Акуми не закончила слова, потому что злым и жестоким чудом все вокруг внезапно изменилось. Как будто кто-то сдернул, разорвал одну декорацию и тут же заменил ее другой. Был ангар, наполненный ранеными и спасательными бригадами, и на его месте возник огненно-льдистый ад.
От чудовищного взрыва содрогнулся мир. Земля под ногами корчилась, обжигающий смерч ослепительной змеей с жадно распахнутой пастью прошелся по ангару, выдирая людей из их кроватей, срывая с мест, как надоевших кукол в игрушечном домике, комкая и подбрасывая вверх, где изломанные фигурки вспыхивали разноцветными фейерверками.
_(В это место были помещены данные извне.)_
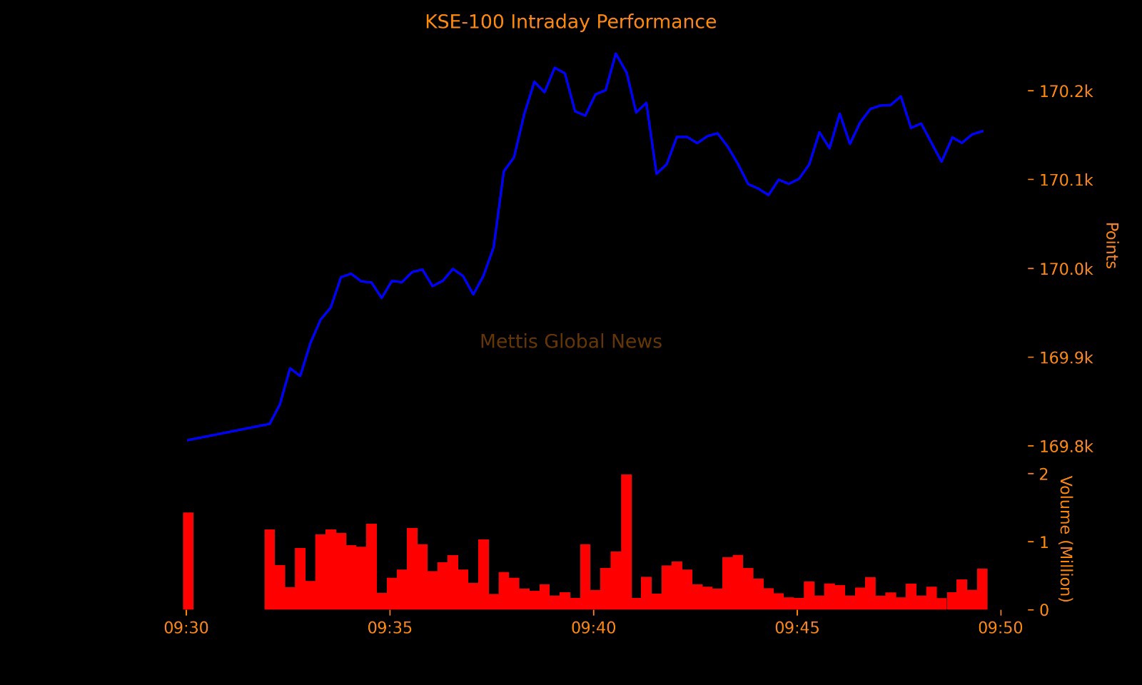 By 9:50 AM, the index was hovering around 170,164.63, up 708.25 points or 0.42%.

Стен и крыши не было, лишь клубилась вокруг пыльная тьма, в которой двигались титанические фигуры. Густая мошкара вертолетов окружала их, щекотала свинцовыми плетями пулеметных очередей, но титаны отмахивались световыми хлыстами, каждое движение которых взрывало воздух, расшвыривало неповоротливые летающие машины, разгрызало их прозрачными челюстями ударной волны и отплевывало бесформенной шелухой.
Тишина.
Царила невозможная тишина.
Акуми с удивлением оглядывалась и не могла понять, почему все внезапно лишились голоса. Раззявленные рты, искалеченные тела, оторванные руки и ноги, влажные тряпки, похожие на перепутанный клубок червей внутренности. Анатомический театр! Лишь Акуми продолжает стоять невредимой посреди сцены. Что-то царапает ей колени, она смотрит вниз и видит Мико. Точнее то, что от Мико осталось. Неужели этот ополовиненный уродец - Мико?! Обезумевшие глаза смотрят на Акуми, изломанные пальцы тянутся вверх, а из нижней половины того, что осталось от девушки, многочисленными фонтанами бьет кровь.
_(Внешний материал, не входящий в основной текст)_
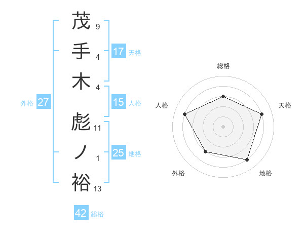 茂手木 彪ノ裕さんの総格は42画の3点!

А в это время остатки стены проламываются, и по мертвым и еще живым телам тяжело ступают боевые "мехи", впиваясь прожекторами в клубящийся туман и совсем не обращая на то, что их массивные трехпалые лапы давят, давят, давят людей! Тяжелая отдача ракетных залпов заставляет "мехов" приостановить свой ход, крепче вдавиться в землю, раздирая ее стальную оболочку.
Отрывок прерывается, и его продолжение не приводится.